Completely. The opening shot [of episode 4] was a celebration of trans women of color’s bodies, and it was brilliantly directed by Gwyneth Horder-Payton, who was my directing mentor, as well as Ryan Murphy. I shadowed her throughout that episode because I wrote it. We wanted to flip the paradigm and say, “I don’t want us to say cisgender women are the ideal. Instead, what if we made the bodies that these women are celebrating black and brown trans women’s bodies? So they’re gonna be celebrated. They’re gonna get 10s across the board.” Also bodies that are curvy and voluptuous. Not statuesque, thin, supermodel bodies, which were becoming in vogue at that time. But beyond the struggle with the body, it’s also about what the ballroom is. The ballroom, and she says – I can’t remember the exact line I wrote, but it was, “This is how I see myself and in ballroom I should be able to project that image however I want.”
There’s so many different themes around that. And of course the HIV/AIDS storyline in there with House of Evangelista boys being tested with Pray Tell, and the diagnoses that comes through that are also powerful points about the body and sex and desire and fear that were really going on throughout that whole time period, and still today.
From your perspective, does it feel like the industry is finally listening and realizing why it’s so important to have trans people and people of color in the writer’s room?
Oh my god, it’s vital. That’s one thing that Ryan got right. He knew that he might not have been the ideal steward to bring this particular series about black and brown queer and trans low income folks into focus. Knowing that, he brought on all of these consultants from the ballroom. He brought in choreographers who are trans and who are also part of the ballroom scene. He brought on writers, like me and Our Lady J, and he found a script written by an Afro-Latinx queer man from the Bronx who had roots in these communities. I think it helped set the tone for what the show was.
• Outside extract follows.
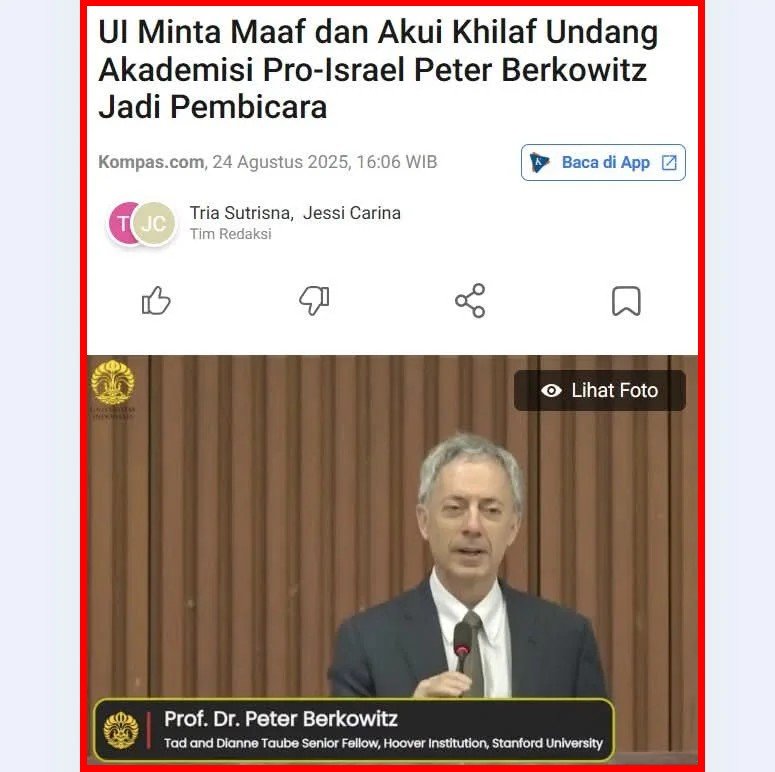 Publik tanah air dihebohkan dengan akademisi zionis pro-Israel, Peter Berkowitz, yang diundang dan menjadi pembicara dalam kegiatan Pengenalan Sistem Akademik Universitas (PSAU) Pascasarjana 2025 Universitas Indonesia (UI) pada Sabtu, 23 Agustus 2025.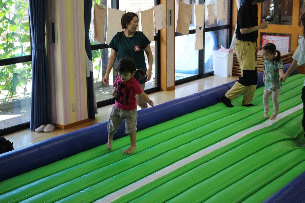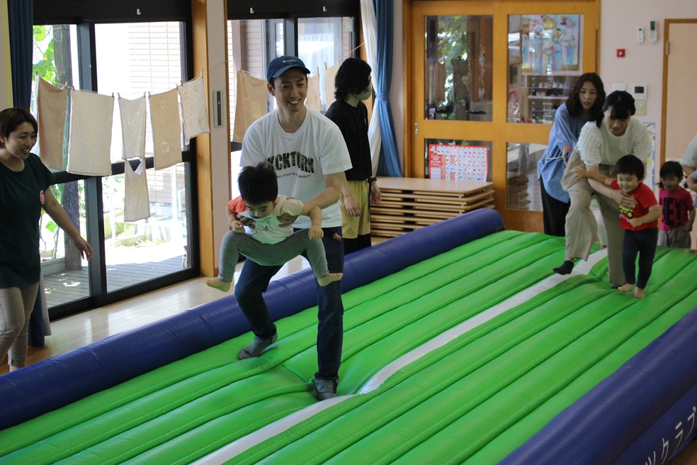 しぼんでいたエアートランポリンが、みるみるうちに膨らんで・・・

Do you feel like Pose will hopefully inspire more other shows to do the same in the future?
I hope so. I also think about the power of the influence that we’ve already had, right? Like we have [trans] PAs on set, and people in our hair and makeup departments, background actors, all of whom have never been on a set before, and now they have Pose as their credit. They’ve been let into the door and now they can push through. Maybe they’ll write their own screenplays, maybe they’ll continue to work in props. They now have this show as a building block to be let in. I think that the number one thing you can do anytime you have access, is to make sure you keep that door open and bring your people in with you. I think Pose has been that vehicle for a lot of people to be inspired to say, “Oh s–, I’m deserving of being seen and heard. I’m deserving of being in this space as well. And I have something to say.”